All four of the producer-performer-writers on the series are alumni of the famous Groundlings comedy troupe in Hollywood: John Cervenka, Christopher Darga, Mary Scheer, and Victor Wilson. The creators/Exec Producers Paul Abeyta and Larry Strawther had worked together at Merv Griffin Productions in the late 1970s. Strawther had worked on the company's pilots for the re-boot of Jeopardy! and Dance Fever in 1978. When both shows sold Strawther went with Jeopardy! as its head writer and Abeyta came over to Griffin's talk show and became executive producer of Dance Fever. Kaikko worked for Dance Fevers distributor, 20th Century Fox, and while overseeing that show he struck up a longtime friendship and business partnership with Abeyta. Kaikko and Abeyta teamed to co-create and Executive Produce the original series Burt Luddin's Love Buffet on Game Show Network which starred John Cervenka. Strawther went on to write and produce network sitcoms, including Happy Days, Laverne & Shirley, Night Court, and My Sister Sam and some movies like Without a Clue, but between jobs he would work with Abeyta and Kaikko on specific projects that seemed fun to him.
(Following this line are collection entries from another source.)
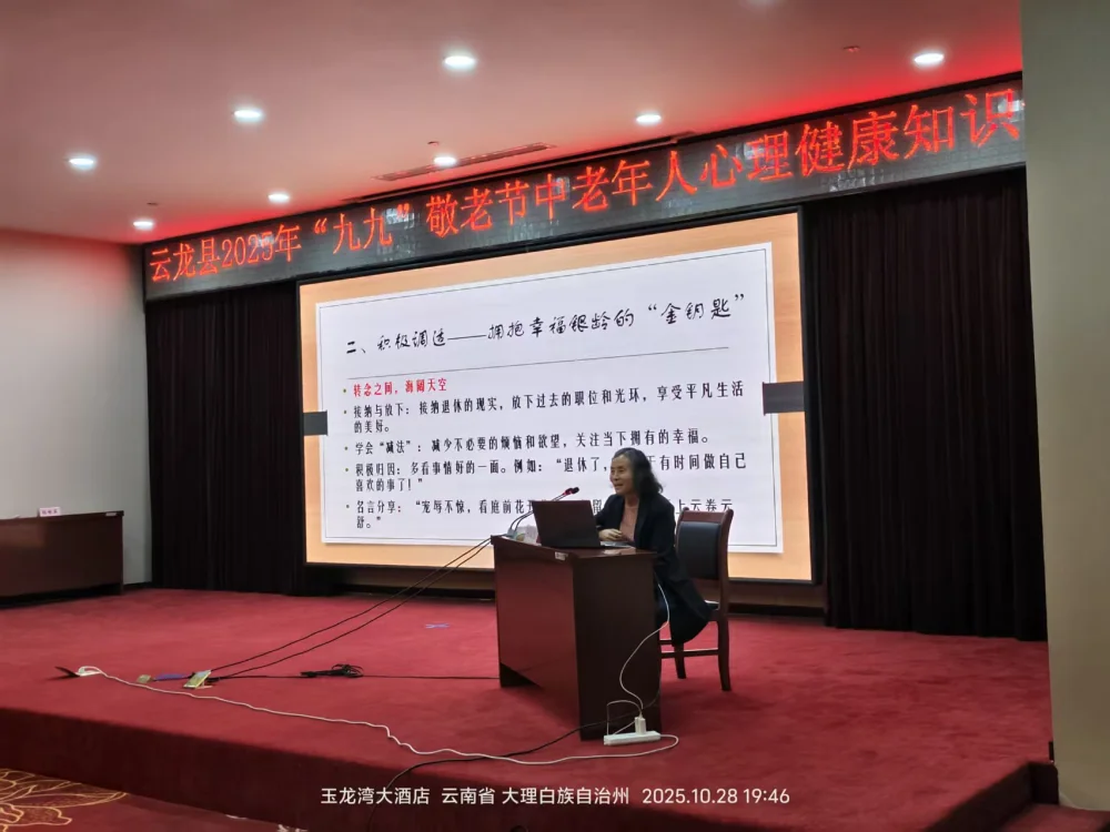 2025年10月28日,云龙县科学技术协会与县老年人体育协会联合举办中老年人心理健康知识讲座,为中老年群体送上心理关怀。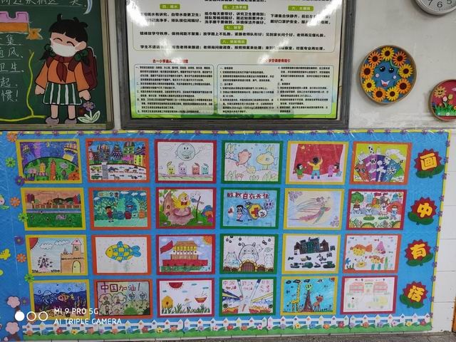 金秋十月,古一小學(xué)一(2)班也換上了光彩奪目的新裝。進(jìn)入一(2)班的正門,一個(gè)好看的班徽已經(jīng)看出了一(2)班是一個(gè)很友愛的班級(jí)。班主任郭根香老師通過查找資料,設(shè)計(jì)樣式,描繪出一幅幅精美的圖畫。教室的門前都設(shè)有別具一格的班牌,內(nèi)容包括班徽、每月評(píng)選的文明班級(jí)獎(jiǎng)牌、班主任寄語,這些讓全班師生時(shí)刻不忘自己是集體中的一員,同時(shí)也顯示著一(2)班堅(jiān)不可摧的凝聚力。課室前面都設(shè)有班務(wù)管理欄,班務(wù)欄中,展示了本班的班級(jí)公約、學(xué)生值日表、班干職責(zé)、課程表等班級(jí)制度文化。課室兩邊的墻壁上都標(biāo)有具有金話筒特色的班級(jí)標(biāo)語及班歌,黑板報(bào)以“疫情防疫”為主題,內(nèi)容充實(shí)、設(shè)計(jì)美觀、結(jié)構(gòu)合理。板報(bào)內(nèi)容根據(jù)一(2)班建設(shè)主題進(jìn)行選材,并采用不同藝術(shù)形式進(jìn)行表現(xiàn)。特色展欄里記錄著特色文化建設(shè)的點(diǎn)點(diǎn)滴滴;評(píng)比欄看到了班級(jí)成員力爭(zhēng)上游的不懈勁頭;畫中有話讀懂孩子們的童貞純情;明日之星里體現(xiàn)著同學(xué)們的互相學(xué)習(xí)、天天向上的精神風(fēng)貌;學(xué)習(xí)榜樣更寄喻著孩子們的茁壯成長(zhǎng)……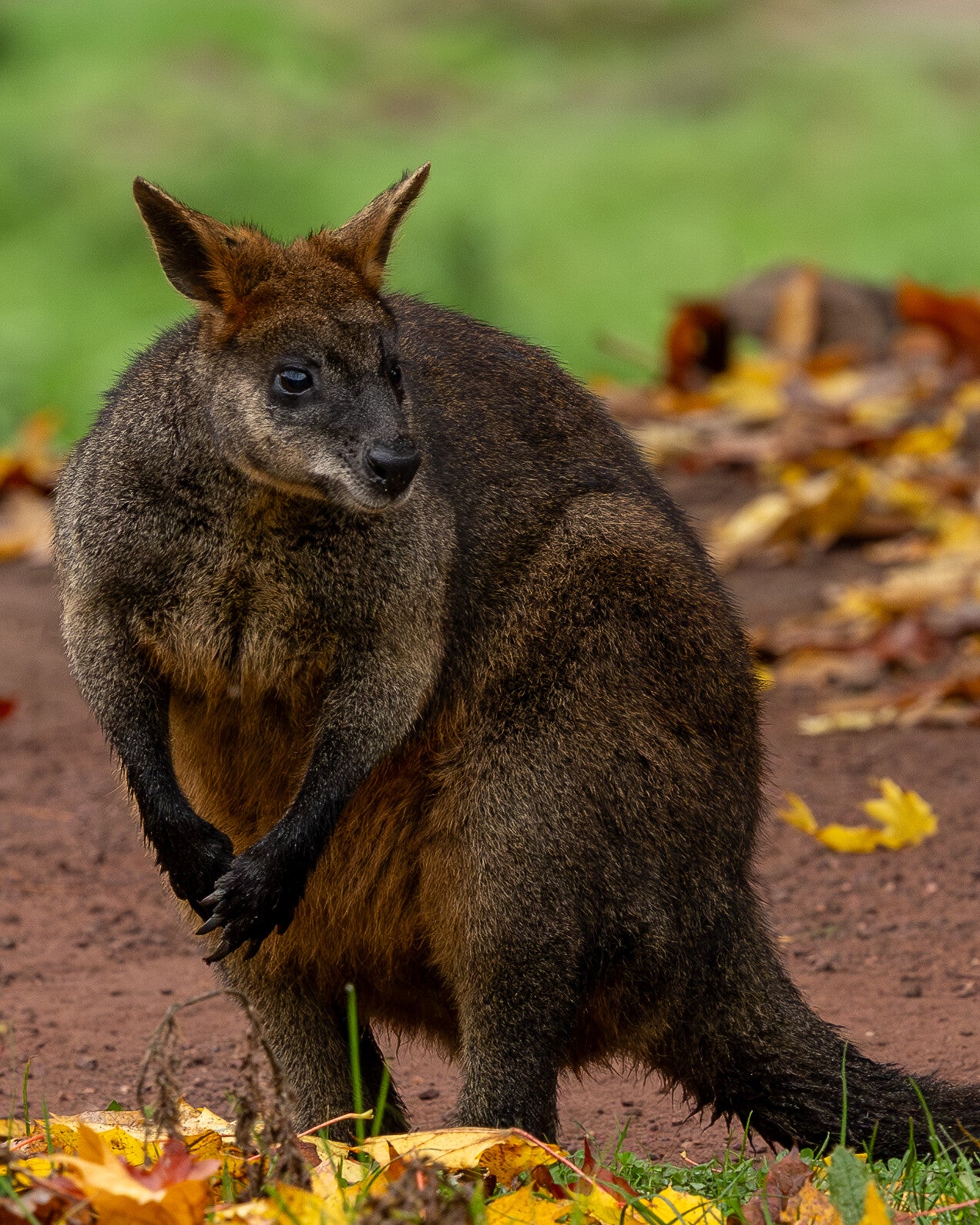 - Grootte: Het is een kleine kangoeroesoort met een kop-romp lengte van 66 tot 85 cm en een staart van 64 tot 86 cm.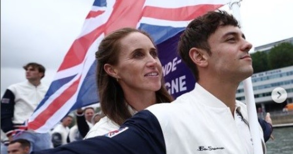 Se tomó una foto en la proa del barco que transportaba a la delegación de Gran Bretaña. En Tokio 2020 lo habían fotografiado tejiendo en la tribuna del natatorio.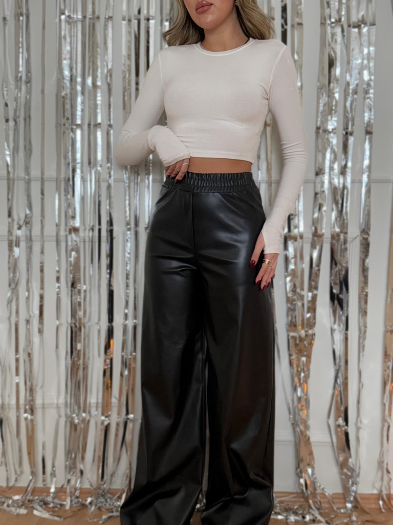Kadın Yüksek Bel Beli Lastikli Geniş Paçalı Deri Pantolon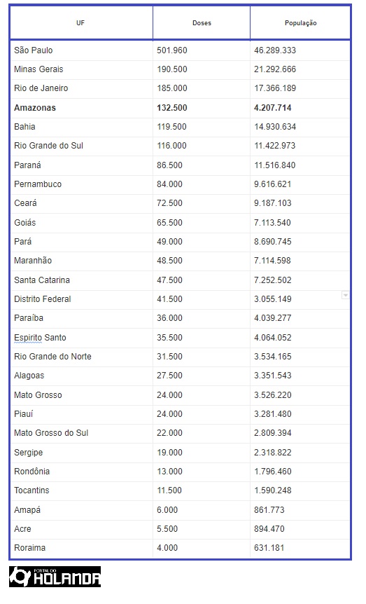 Com a chegada dos 2 milhões de doses da vacina Oxford/AstraZeneca, provenientes do Instituto Serum, na Índia, e a checagem, rotulação e liberação feita pela Fundação Oswaldo Cruz, foi divulgado neste sábado quantas doses cada estado brasileiro irá receber.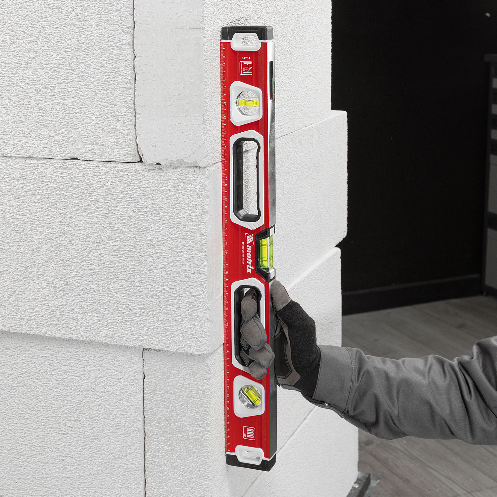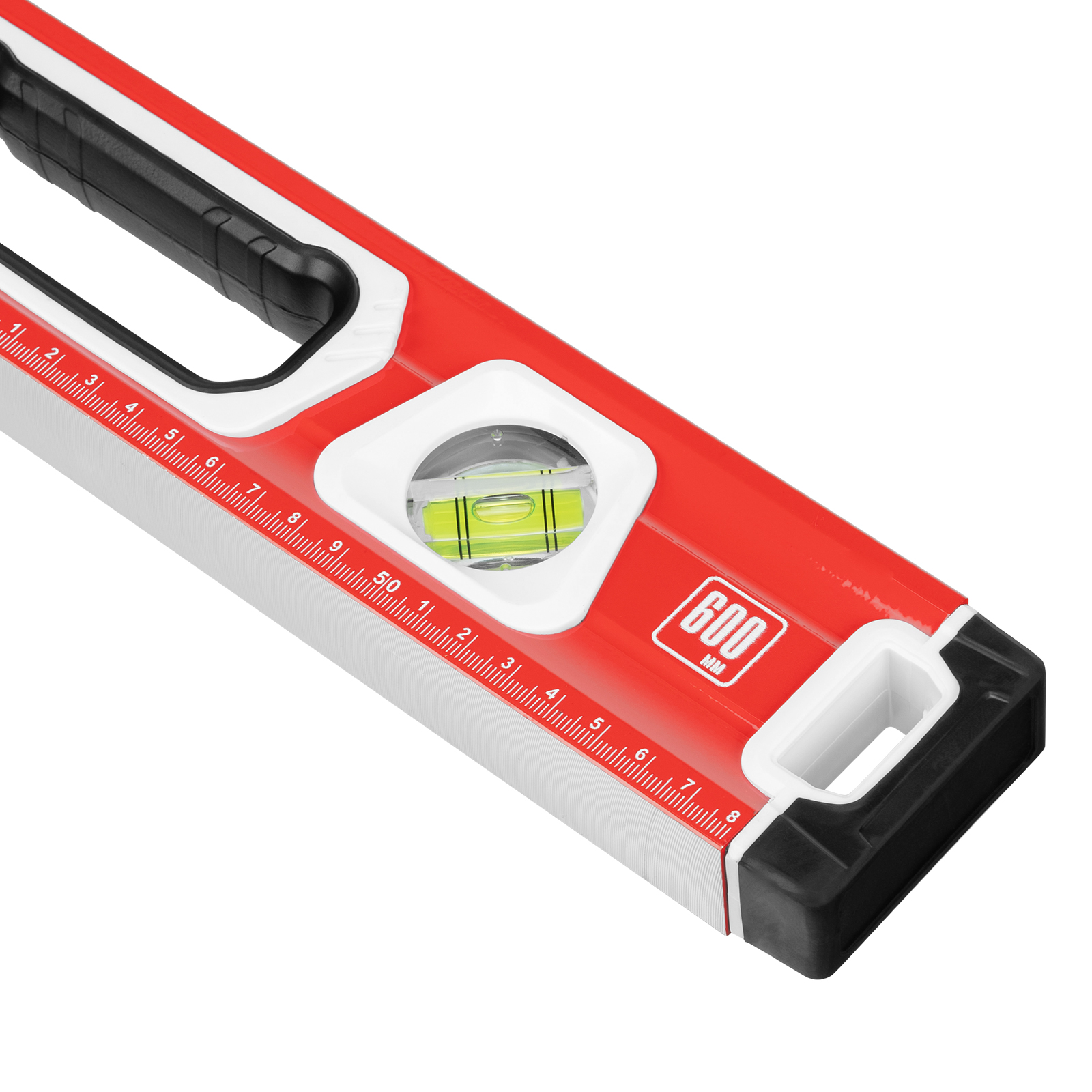 Алюминиевый уровень Matrix 34731 длиной 600 мм, магнитный, фрезерованный, с двухкомпонентными рукоятками, 3 глазками и 1 зеркальным отражателем, относится к категории измерительных инструментов. Служит для контроля отклонений поверхностей от горизонтали, вертикали и угла 45 градусов. Инструмент понадобится при осуществлении работ, требующих высокой точности.,Для определения отклонения вертикали 90 градусов необходимо использовать пузырьковую ампулу только в верхнем положении уровня. Только базовая поверхность является рабочей (противоположная ампуле 180 градусов).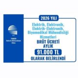2026 YILI ELEKTRİK, ELEKTRONİK, ELEKTRİK-ELEKTRONİK, BİYOMEDİKAL MÜHENDİSLİĞİ HİZMETLERİ BRÜT ÜCRETİ AYLIK 91.000 TL OLARAK BELİRLENDİ 24.12.2025 |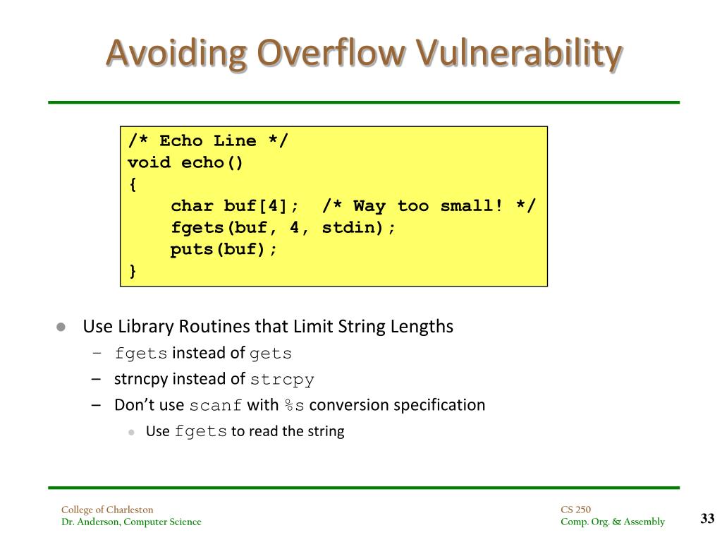 Avoiding Overflow Vulnerability • Use Library Routines that Limit String Lengths • fgets instead of gets • strncpy instead of strcpy • Don’t use scanf with %s conversion specification • Use fgets to read the string /* Echo Line */void echo(){ char buf[4]; /* Way too small! */ fgets(buf, 4, stdin); puts(buf);}

John Cervenka was also the announcer for tv series Love Connection from 1990 - 1999.

==Home video releases==

| Season |  | Region 1 DVD release date |
|---|---|---|
|  | 1 | October 3, 2006 |
|  | 2 | April 17, 2007 |
|  | 3 (Half 1) | November 6, 2007 |
|  | 3 (Half 2) | November 11, 2008 |
|  | 4 | November 11, 2008 |
| Season |  | Region A Blu-ray release date |
|  | 1-3 | November 26, 2024 |
|  | 4-5 | February 25, 2025 |

==Lawsuits==
The American gameshow Wipeout on ABC was accused of being "a blatant copycat" of shows such as Takeshi's Castle and Most Extreme Elimination Challenge, and a copyright infringement lawsuit was filed by Tokyo Broadcasting System against ABC in late 2008, claiming the obstacle-course game show closely resembled several Japanese shows. It alleged Wipeout violated its copyrights to shows such as Takeshi's Castle and Ninja Warrior.

The Japanese network later sued Dutch entertainment giant Endemol, which produces Wipeout.

The companies settled the case on November 30, 2011, after meeting with a federal magistrate judge in Los Angeles. No settlement terms were filed with the court.